Mit einem Frauenkreis will Mavija Weseler ab April auch in Höchstädt das „Feld der Liebe“ stärken. „Mit Trommeln und praktischen Übungen beten wir für die Erde und besondere Anliegen“, erzählt die 66-jährige Donauwörtherin und gibt zwei rote Rosen mit auf den Weg. Gleich nebenan hat die 40-jährige Anja Buntz aus Bächingen ihren Stand aufgebaut. Vor ihr liegt das erste eigene Buch der Mental-Coachin, das während einer großen Reise entstanden ist – „eine Mischung aus Reisetagebuch und Alltagstipps für die Persönlichkeitsentwicklung“. Ihr zentrales Thema ist der „Mut für Frauen“, indem sie ihnen vermittelt, auf das eigene Herz zu hören und den ureigenen Träumen zu folgen.
Mit Naturkräutern bringt eine Dillingerin Menschen wieder in ihre Mitte
Dazwischen finden sich besondere Kissen, mit denen gesunder Schlaf möglich wird, womöglich unterstützt durch Hypnose. Auch jede Menge Öle, Kräuter, Räucherwerk und Kerzen gibt es an den verschiedenen Tischen, wie bei Antje Merkt. Die 63-Jährige Dillingerin hat „im Alter nochmals Schwung bekommen“ und sich beruflich neu orientiert. „Wir müssen unsere Körper wieder in die Mitte bringen“, sagt sie und zeigt auf ihre Naturkräuter: „Die machen was mit unserer Seele.“
Die Angebote an diesem Tag an den Ständen und bei den zahlreichen Vorträgen sind eine bunte Mischung aus materiellen und energetischen Angeboten – und oftmals beides miteinander verwoben. So gibt es Staubsauger, die die Luft erfrischen, sauberes Trinkwasser, gesunde Backformen und alles, was mit Wohlgefühl und Schönheit – äußerlich und innerlich – zu tun hat.. Alexander Walliser aus Medlingen wirbt für „Super Patch“, Pflaster, die durch einen Code auf die Nervenzellen unter der Haut wirken. „Ich wollte meiner Mutter bei Multiple Sklerose helfen“, erzählt der 47-Jährige. Und auch Manuela Ganz nach 29 Jahren ihr Ekzem an den Händen durch eine Selbstheilungstechnik heilen können, demonstriert diese in Auszügen bereitwillig an ihrem Stand. Patric Müller aus Laugna schwört ebenso auf die Selbstheilungskräfte unserer Körper, die die Zellen mithilfe von kleinen Spiegeln beim „Cell-Re-Active-Training“ praktizieren. Seit 21 Jahren arbeitet der 48-Jährige ehemalige Forstwirt als Heilpraktiker und verbindet jetzt beides unter anderem mit Waldbaden-Kursen.

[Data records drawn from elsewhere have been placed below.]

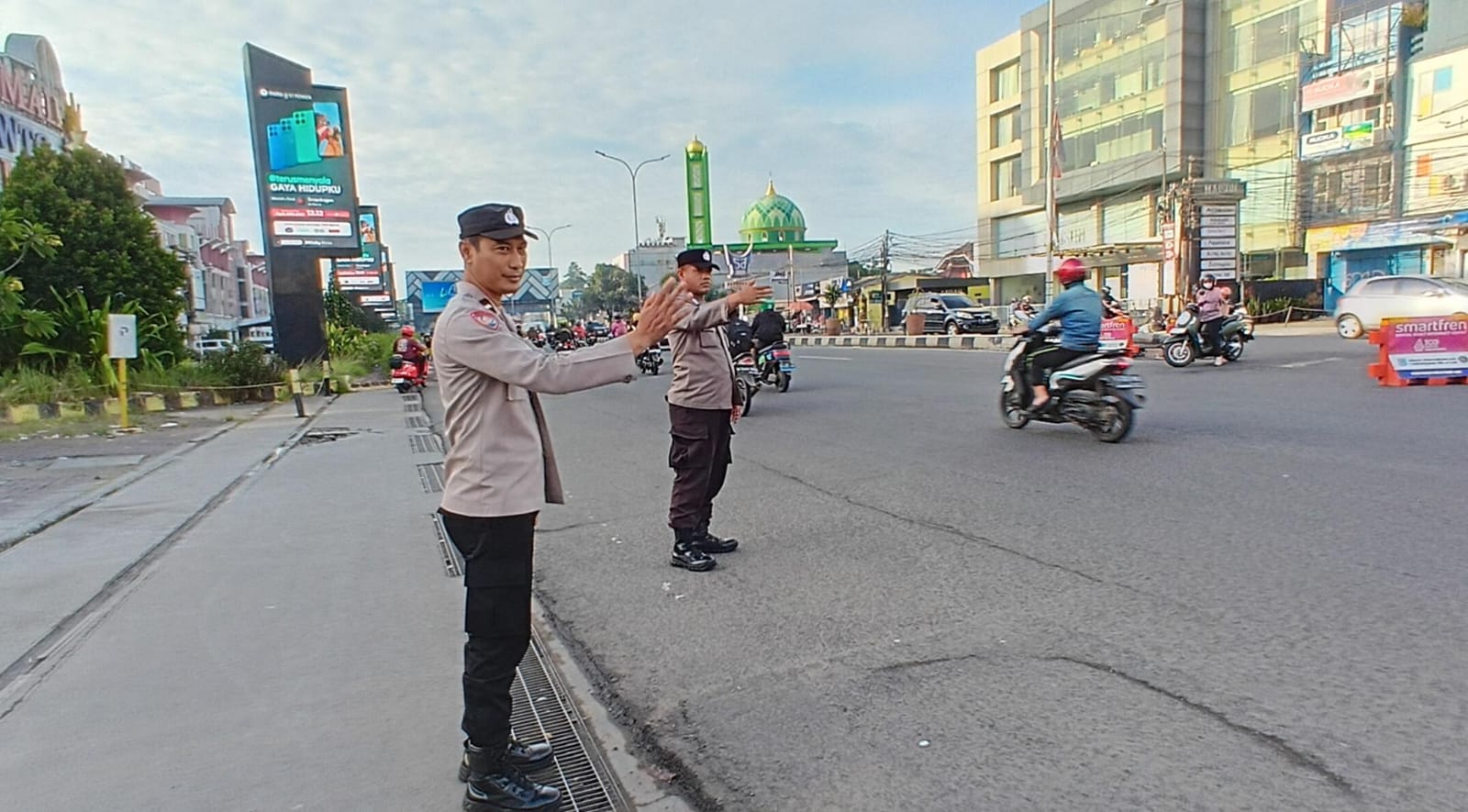 Dalam pelaksanaannya, petugas secara aktif mengatur arus kendaraan, membantu penyeberangan pejalan kaki, serta memberikan imbauan kepada pengendara agar tetap tertib berlalu lintas dan mengutamakan keselamatan. Kehadiran petugas di lapangan terbukti mampu memperlancar arus kendaraan sehingga aktivitas masyarakat dapat berjalan dengan aman dan nyaman.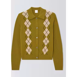 John Lewis Merino Wool Argyle Knit Collar Cardigan - Olive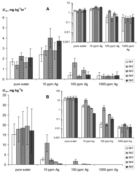 Introduction of silver inhibitors of the biological activity significantly reduces respiration and biodegradation in pure gel-silver compositions (Figure 3 and Figure 4). In the case of silver ions under the action of a dose of 10 ppm Um decreases at 13–30 times. The exception is the gel Aquasorb where Um is reduced to not more than three times. Doses of 100–1000 ppm inhibit Um 20–60 times without significant differences on the effects between them. As the result calculated values for the effective half-lives T0.5 increase to 5–30 years in SSPH compositions with 10 ppm Ag and up to 25–50 years when the content of silver ions ranges from 100 to 1000 ppm. Silver nanoparticles have the same or a somewhat greater inhibitory effect. At the dose of 10 ppm Ag the value Um is equal 6–25 mg∙kg−1∙h−1 and T0.5 varies from 6 to 20 years, and at doses of 100–1000 ppm Um is equal 1.8–2.8 mg∙kg−1∙h−1 and T0.5 = 24–105 years.

„So viele Angebote“, sagt Regine Streu am Ende des Gesundheitstages, für den sie extra aus Altenstadt an der Iller hergefahren kam. „Eine tolle Auswahl, von der ich zeitlich gar nicht alles, was ich wollte, sehen und hören konnte.“ Sie hatte sich wie viele andere auf dem Prospekt angekreuzt, was sie interessiert.